The bill would also set aside $500,000 for the DOH to hire a nonprofit to provide training, technical assistance and other support to the local health councils; help create a system to evaluate the councils’ work; and strengthen community-based health planning and self-determination. 

The bill is sponsored by Reps. Anthony Allison (D-Fruitland), D. Wonda Johnson (D-Rehoboth) Elizabeth Thomson (D-Albuquerque), and Sen.

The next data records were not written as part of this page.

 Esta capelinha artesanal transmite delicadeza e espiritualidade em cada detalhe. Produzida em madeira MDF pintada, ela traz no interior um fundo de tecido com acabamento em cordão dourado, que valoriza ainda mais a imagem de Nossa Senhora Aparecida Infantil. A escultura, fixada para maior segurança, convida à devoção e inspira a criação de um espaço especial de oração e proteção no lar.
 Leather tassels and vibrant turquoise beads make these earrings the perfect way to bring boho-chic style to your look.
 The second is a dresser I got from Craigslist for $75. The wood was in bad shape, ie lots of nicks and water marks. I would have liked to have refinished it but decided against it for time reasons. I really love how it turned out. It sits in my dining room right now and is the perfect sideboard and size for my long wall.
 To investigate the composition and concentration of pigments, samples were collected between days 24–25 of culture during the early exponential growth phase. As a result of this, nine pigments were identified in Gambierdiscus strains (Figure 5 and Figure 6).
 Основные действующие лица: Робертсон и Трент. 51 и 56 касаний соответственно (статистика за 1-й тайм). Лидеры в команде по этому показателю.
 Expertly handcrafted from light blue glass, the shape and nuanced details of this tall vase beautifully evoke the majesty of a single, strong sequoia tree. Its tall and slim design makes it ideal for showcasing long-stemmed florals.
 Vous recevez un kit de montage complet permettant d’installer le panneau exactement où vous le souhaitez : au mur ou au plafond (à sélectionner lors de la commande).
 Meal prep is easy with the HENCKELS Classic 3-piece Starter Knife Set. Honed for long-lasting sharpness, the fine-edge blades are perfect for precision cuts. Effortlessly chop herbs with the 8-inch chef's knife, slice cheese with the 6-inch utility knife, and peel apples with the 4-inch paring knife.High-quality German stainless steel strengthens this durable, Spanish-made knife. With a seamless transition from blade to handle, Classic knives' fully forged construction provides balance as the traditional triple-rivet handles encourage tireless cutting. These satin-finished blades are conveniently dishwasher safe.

Elizabeth Stefanics (D-Cerrillos).

The House Health and Human Services Committee unanimously passed the bill on Jan. 23. However, the House Appropriations and Finance Committee on Feb. 20 voted to table the bill, preventing it from getting a vote by the full House of Representatives.

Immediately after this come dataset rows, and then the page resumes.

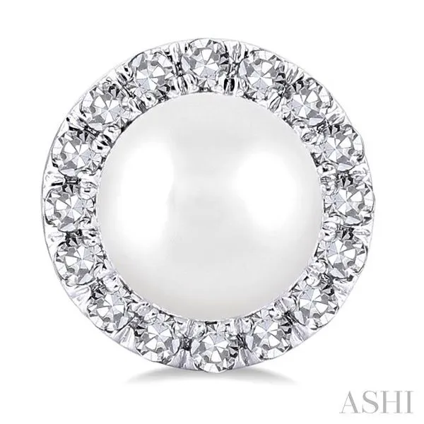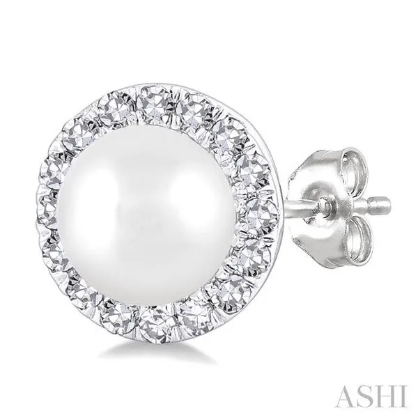 (319) 752-31964.5 MM White Cultured Pearl and 1/8 Ctw Round Cut Diamond Halo Stud Earrings in 14K White Gold
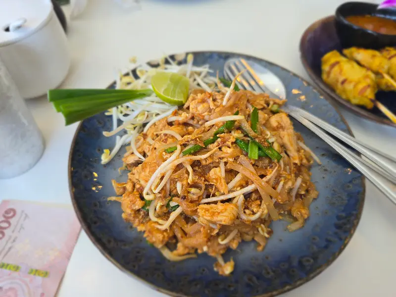 가장 먼저 눈길을 사로잡은 것은 팟타이였습니다. 윤기가 흐르는 면발 위에 큼지막한 새우가 올려져 있는 모습은 그야말로 군침이 돌았습니다. 한 입 맛보니, 새콤달콤한 소스와 쫄깃한 면발, 그리고 신선한 새우의 조화가 환상적이었습니다. 특히, 닭고기 팟타이는 69바트라는 저렴한 가격에도 불구하고 푸짐한 양을 자랑했습니다. 팟타이 위에 뿌려진 땅콩 가루는 고소함을 더해주었고, 라임즙을 살짝 뿌려 먹으니 상큼함까지 더해져 더욱 맛있었습니다.
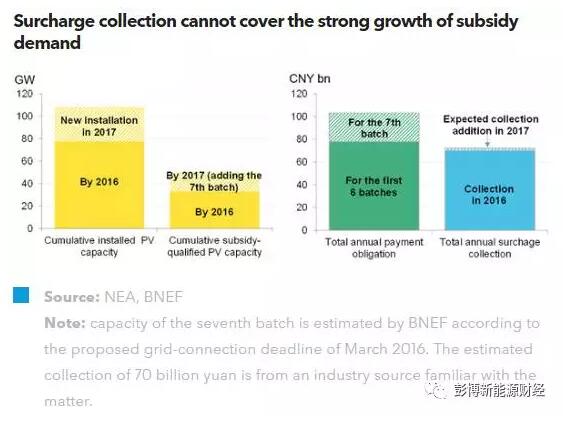 根据行业资源,2016年,中国可再生能源基金仅收到700亿元附加费,这并不足以覆盖所有项目的资金补贴需求。据彭博新能源财经估算,在不考虑消纳的情况下,如果包括第七批可再生能源补贴目录,中国可再生能源基金年度支付需求超过1000亿人民币。
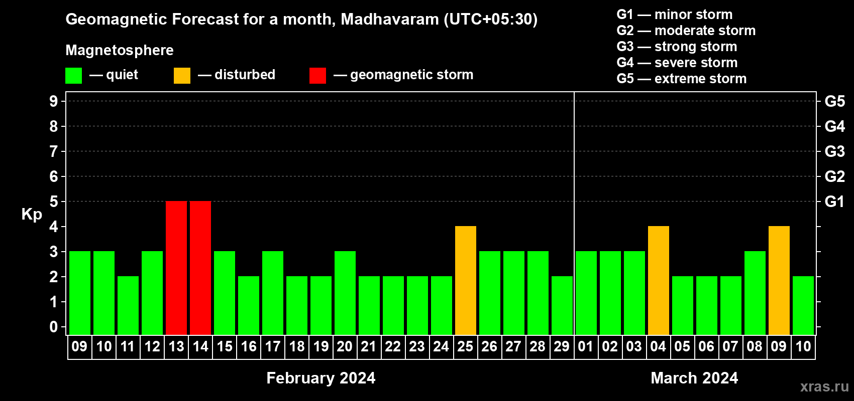 Geomagnetic storm forecast in Madhavaram for Feb 09, 2024
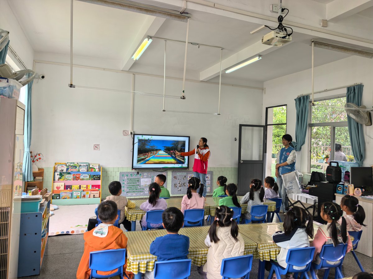 在大地幼儿园,通过粤语讲述、实景认知和绘画创作,从孖髻山的传说、名字由来,到如今的彩虹步道,带领孩子们重新认识平沙地标景观“孖髻山”。
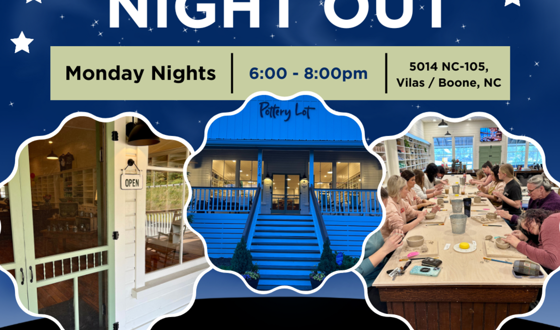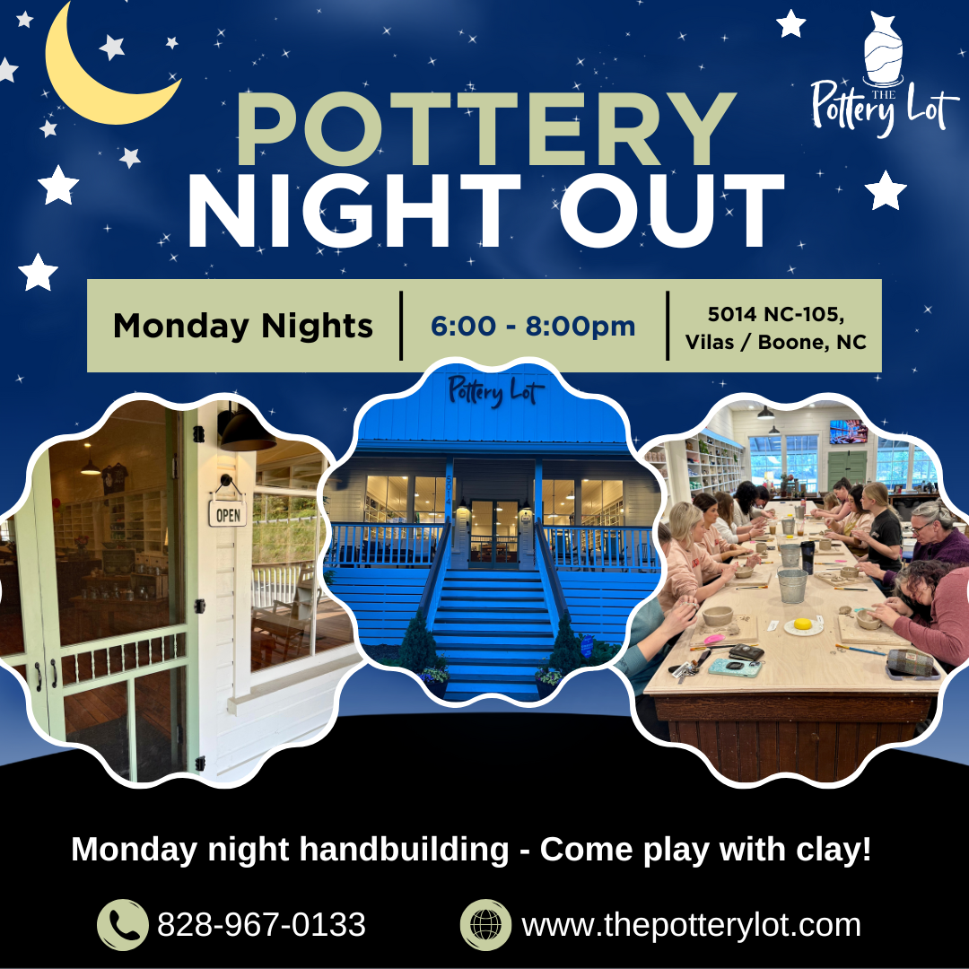 Visiting the mountains and want a creative night out? Swing by The Pottery Lot for our Monday Night Independent Handbuilding—an open-studio session with no formal instruction, perfect for curious beginners and seasoned makers alike. We’ll provide everything you need: clay, glazes, firing, and studio time. Make a mug, planter, or a little mountain keepsake at your own pace while you unwind in a friendly, community studio setting. Just passing through? No problem—finished pieces can be mailed to you after firing. Come solo, bring a friend, and get your hands in the clay!
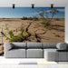 Tämä tapetti kuvaa kiehtovaa kuivaa maisemaa, jossa halkeamat merkitsevät autiomaan lattiaa ja jota täplittävät kestävän kasvillisuuden kosketukset. Beigen ja vihreän sävyt herättävät luonnon, joka on sekä ankara että kaunis, vangiten elinympäristön olemuksen, joka kestää äärimmäisiä olosuhteita.
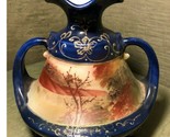 Noritake Hand Painted Landscape Cobalt Blue Gold Gilded 3-Footed Vase Signed With 5 Petal Flower On Bottom
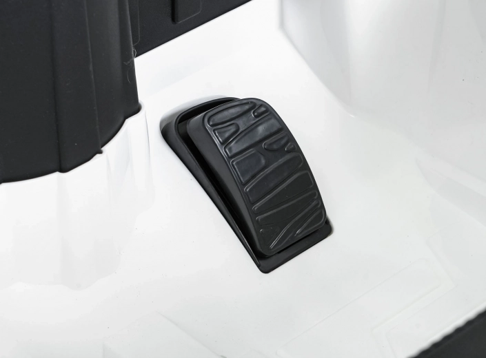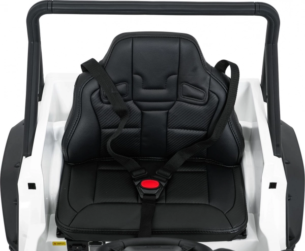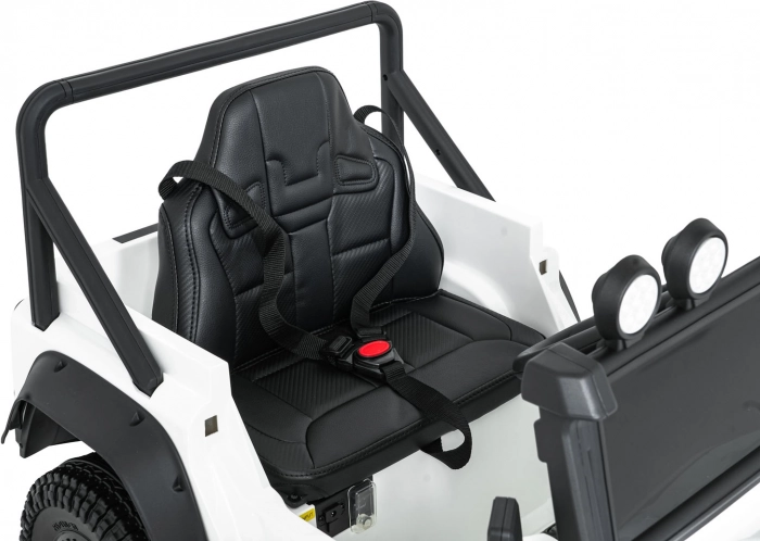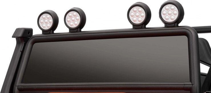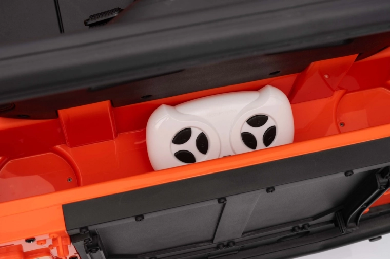 Das Auto ist mit LED-Lichtern (2 Modi) mit Schalter, öffnenden Türen, einem gepolsterten Sitz aus Kunstleder mit Sicherheitsgurten und einer gut sichtbaren Ladezustandsanzeige ausgestattet. Das Multimedia-Panel mit Bluetooth, USB, AUX und MP3 bringt Lieblingsmusik, außerdem gibt es vorinstallierte Melodien und eine Hupe am Lenkrad.

Committee Chair Nathan Small (D-Las Cruces) said the action taken by the committee was a “temporary table.”

There is still a way to add more money for health councils in the state budget bill called House Bill 2, Small said.

“We can bring this back up if there are changes in the Senate,” Small said.

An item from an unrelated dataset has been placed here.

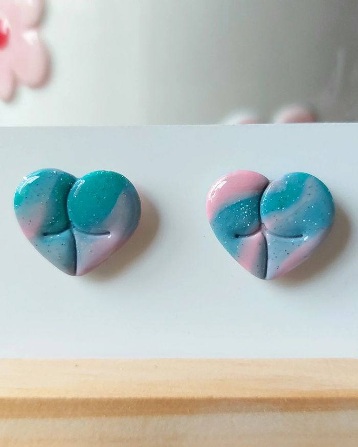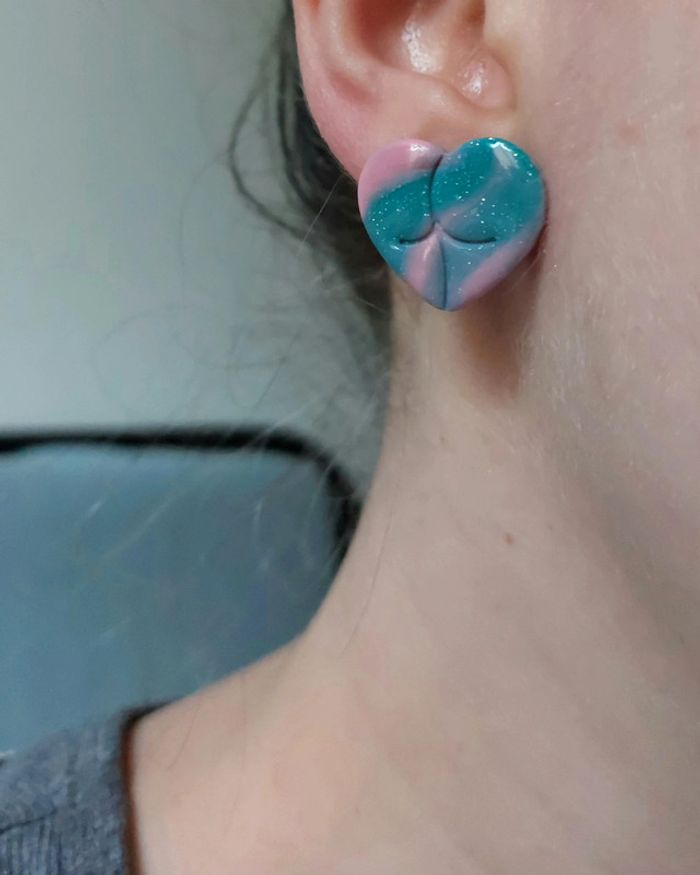 Boucles d'oreilles en argile polymère avec tiges en acier inoxydable. 2 cm x 2.3 cm
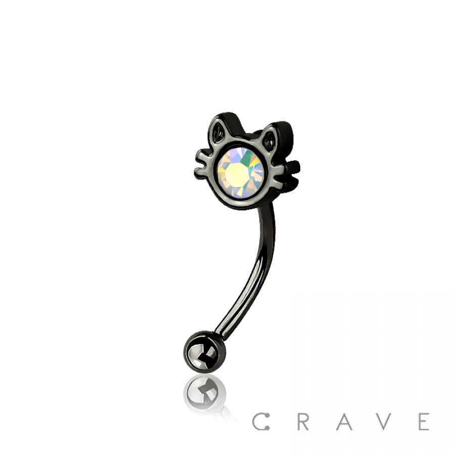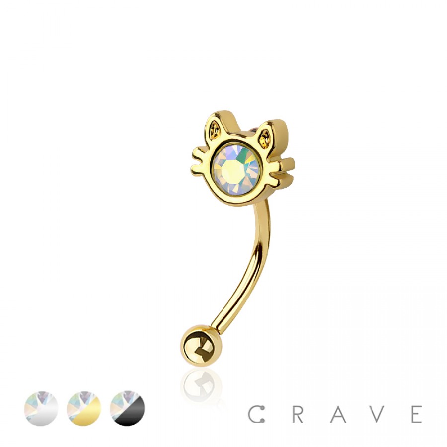 CZ KITTY CAT 316L SURGICAL STEEL CURVED BARBELL/EYEBROW

He said more funding could be put into the budget as it makes its way through the Senate, and then when the two legislative chambers work to merge their budget proposals together, called “reconciliation.”

“This is one of the most challenging things about the committee,” Small told Allison on Feb. 20, “is that we’re not able to fully fund items, therefore, that the bills, especially that are just appropriations, cannot pass through. It doesn’t mean that there won’t be more funding for these purposes that flow this year. It just means that in this fashion, the bill can’t move through this committee.”

Now, advocates are trying to convince members of the Senate Finance Committee to put more funding in House Bill 2, the bill that determines the state budget for the upcoming fiscal year, Alarcón said.

They have been trying to convince members of the committee for the last two weeks, Alarcón said on Thursday.

She said Sens. Siah Correa Hemphill (D-Silver City), Jeff Steinborn (D-Las Cruces), Crystal Diamond (R-Elephant Butte) and Nancy Rodriguez (D-Albuquerque) “have all verbally expressed support for HB 49.”

For a vote to pass on the committee, the advocates would still need to convince two additional members to vote in favor of funding the health councils.